What's that in chocolate?

Jack42 said...

Hey, why don't you put a nice photo poster on the wall of in front of the exercise machine so you can fantasise running around Lake Louise or something?

Anonymous said...

You're a legend! And you look fitter than I've ever seen you (thinking back...) - yes, I think ever! Love your pudgy friend Jilly xx - Hey just noticed the word verification is "fating"!!

Kath Lockett said...

Lynne, you ARE doing well powerwalking. Doing any form of exercise is 'doing well' in my book

PW - see, it just goes to show how much we can worry about what other people think of us when they're not thinking about us at all!

River & Jack42, you're probably right, a few posters would help but I find that once I'm 'in the zone' I don't really see the wall, if that makes any sense...?

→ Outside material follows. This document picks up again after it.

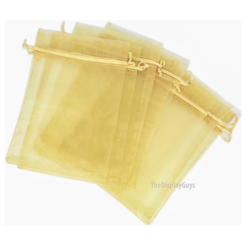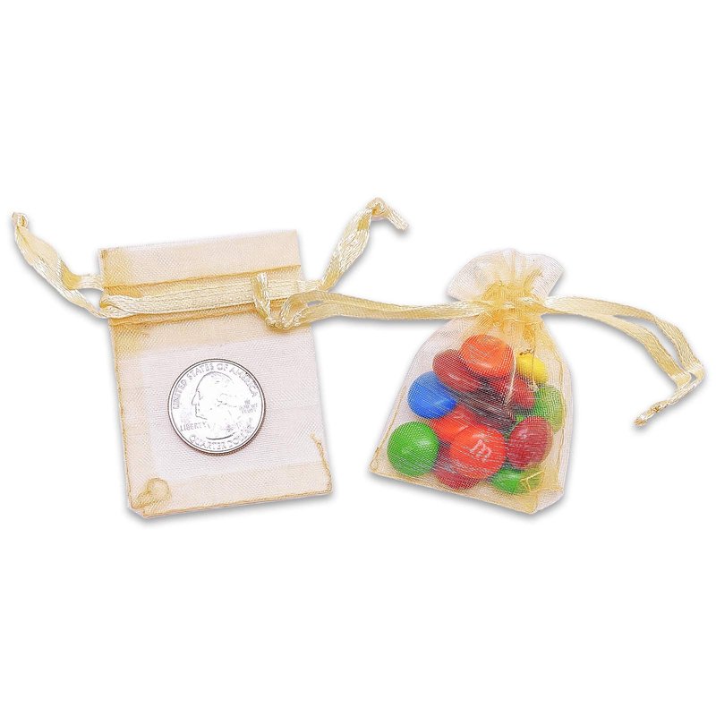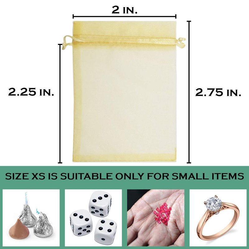 TheDisplayGuys 100-Pack XS 2 x 2 3/4" Gold Sheer Organza Gift Bags with Drawstring, Jewelry Candy Treat Wedding Party Favors Mesh Pouch

Deep Kick Girl, you're too kind. Pain fest yes, but feelings of smug superiority and pride afterwards - YESSSSS!

Thanks Eleanor. Dad's got arthritis in his hips and feet now but goes powerwalking around his local area like the clappers. I keep telling him that one day the local nursing home with scoop him up in a big butterfly net thinking he's an escaped alzheimers patient!

Lorna, Lorna, Lorna...... Mine has been used for that too, especially when it lived inside.

Thanks Benjamin. Dunno if its dedication, but just totally essential for me.

Thanks Helen. At the moment (checks iPod playlist), I'm chugging along to:
The Best Thing - Hook and Sling
When love takes over - David Guetta and Kelly Rowland
Whatever - Stafford Brothers/Hoxton Whores
Bohemian Like you - Dandy Warhols
Sorry - Madonna
UFO - Sneaky Sound System
Getting away with it (all messed up) - Sean Quinn & Gus Cullen
Release me - Agnes
Are you with me - Potbelleez
...all dance/electro mostly, to keep my heart and legs pumping...

Sure does, Rowe

lc - about a block of chocolate....

Thanks Jilly!

Baino said...

You know she only wears high necked shirts because her muff is now between her breasts! And you're making me feel incredibly guilty. I have a perfectly good treadmill on the back verandah collecting dust . . .haha and I love the honesty of your photos, yer a cack girl! And you are most definitely a winner! Love yer work! I'm ALMOST inspired (but I broke my little toe on Thursday and it's a bit sore so next week I should be able to get the whiter than white and rarely worn Asics on again!) Who am I kidding . . .time for a chardy!

The Plastic Mancunian said...

OH MY GOD!!

Sorry Kath, didn't read the blog post because that picture of Joan Rivers scared me half to death!!

:0)

Cheers

PM

Kath Lockett said...

Baino, dust it off, put together your best playlists on your MP3 and get ON, baby!

....are you sure it wasn't MY picture that scared you half to death, Plas Man???

the projectivist said...

you are my hero, Kath! blimey i wish i could be arsed to run like that, but i don't own a treadmill, so i'd have to stagger shamefully, huffing and puffing in public amidst looks of horror.

yeah, it's easier to just stay in and eat biscuits.